You have said that you have support for your claim: please post a link to that support.
Specify exactly which fact you consider invalid, and I should be able to find a link to where I addressed it. Are you refering to the fact that knowledge cannot be contingent upon justification? If you disagree, you can stop hiding behind cheap links to cheap sites, and simply state why YOU disagree. Instead of "It's wrong because this website said so."
 
:wallbang:

Give it a rest, lixluke.
Please, for the sake of everyone else's sanity.
Flaws in your claims, in your "rules of knowledge" have been pointed out to you again and again and again, and you ignore them in favour of strawmen you create.

So please, just give it a rest.
 
:wallbang:

Give it a rest, lixluke.
Please, for the sake of everyone else's sanity.
Flaws in your claims, in your "rules of knowledge" have been pointed out to you again and again and again, and you ignore them in favour of strawmen you create.

So please, just give it a rest.
Just because you say something is a strawman doesn't mean it's a strawman. If you respond to something you consider strawman, you have to point out how it's a strawman. Consider a statement you yourself made (paraphrase):
"Subject believes X is true, but has not determined if X is true."

That statement is impossible. In order for a subject to arrive at a conclusion, there MUST be some justification that compelled the subject to the conclusion. There is no such thing as a subject possessing a belief without a justification. If you disagree, you cannot simply state "strawman" without actually refuting it.
 
Just because you say something is a strawman doesn't mean it's a strawman. If you respond to something you consider strawman, you have to point out how it's a strawman. Consider a statement you yourself made (paraphrase):
"Subject believes X is true, but has not determined if X is true."

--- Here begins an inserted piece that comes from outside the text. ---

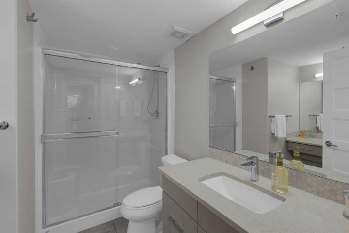Welcome to The Pinnacle at Kincora — a boutique, meticulously crafted condo complex by Cove Properties, one of Calgary’s most trusted and award-winning multifamily developers celebrated for their commitment to quality and design excellence. Tucked away in one of Kincora’s most peaceful pockets, this elegant 2-bedroom plus den (or office), 2-bath residence offers the perfect blend of comfort, style, and functionality — all within walking distance to scenic parks, pathways, and convenient shopping. Boasting 1,156 sq. ft. of single-level living, this spacious and beautifully upgraded home features quartz countertops, designer tile, LVP flooring, and elegant fixtures and finishes throughout. The high-end KitchenAid stainless-steel appliances remain under warranty and are complemented by a chef-style hood fan and a bright, modern aesthetic highlighted by brand-new upgraded lighting. Enjoy year-round comfort with a portable A/C unit, and unwind in style with new custom shutters framing every window for added privacy and sophistication. Unlike many condos, this home includes two titled underground heated parking stalls plus bike storage, offering convenience and flexibility for owners. Step outside to your private covered patio — the perfect spot to relax after a long day and enjoy your own quiet outdoor retreat with a gas line for your bar-b-q. Unit 3109, a former show suite until just three years ago, has been meticulously maintained and lightly lived in. It showcases painted warm beige cabinetry and a bright, inviting atmosphere throughout. Situated in a secure, maintenance-free, 18+ building, The Pinnacle at Kincora delivers a rare combination of luxury, peace of mind, and effortless living. Pets are allowed upon board approval. Don’t miss your opportunity to make this remarkable home yours — contact your Realtor today to book a private viewing!

That statement is impossible. In order for a subject to arrive at a conclusion, there MUST be some justification that compelled the subject to the conclusion. There is no such thing as a subject possessing a belief without a justification. If you disagree, you cannot simply state "strawman" without actually refuting it.

Did you believe in Santa Claus ?

People should use justification for their beliefs, but a belief does not require it. People believe all sorts of nonsensical crap.

That statement is possible and occurs all the time. People create hypothesis about things and later through additonal research and testing either confirm it to be true or false. In other words. Realize they were mistaken.
 
Did you believe in Santa Claus ?

People should use justification for their beliefs, but a belief does not require it. People believe all sorts of nonsensical crap.
If you pressed a child on why they believed in Santa Claus they would probably say because Daddy or Mommy told them or because presents showed up under the tree.

And if they cannot come up with this answer, there is nevertheless something like this that justifies their answer.

Yes. I know. In the technical sense of most intellectuals this is not considered adequate justification.

Which Lixluke is aware of.

People keep taking LLs approach as saying all justification processes are as good as each other. That is not my take, at all, on what he is saying.

You make an assertion above that beliefs do not require justification. This is a strange mixtures of terms. In fact I would call it equivocation on the term justification. Of course every belief has a justification. Ask anyone why they believe something and they will, almost all the time, come up with reasons. Their reasons will not be considered adequate justification by scientists or intellectuals, for the most part, but that is a separate issue.

I see this repeatedly in the discussion with LL, where you tell him he is wrong because he is using a word incorrectly, so he must be wrong. But he is consciously choosing to open up the breadth of a couple of terms. This is, in fact, part of his position.

As far as people believe in nonsensical crap. People have believed in nonsensical crap AND met JTB criteria.

That statement is possible and occurs all the time. People create hypothesis about things and later through additonal research and testing either confirm it to be true or false. In other words. Realize they were mistaken.
A process that can occur in LLs approach also. It is based on TB not simply B.


As a general note...

You guys keep asking Lixluke to stop, as if he had control of you. You and Sarkus need to take responsibility for your own actions.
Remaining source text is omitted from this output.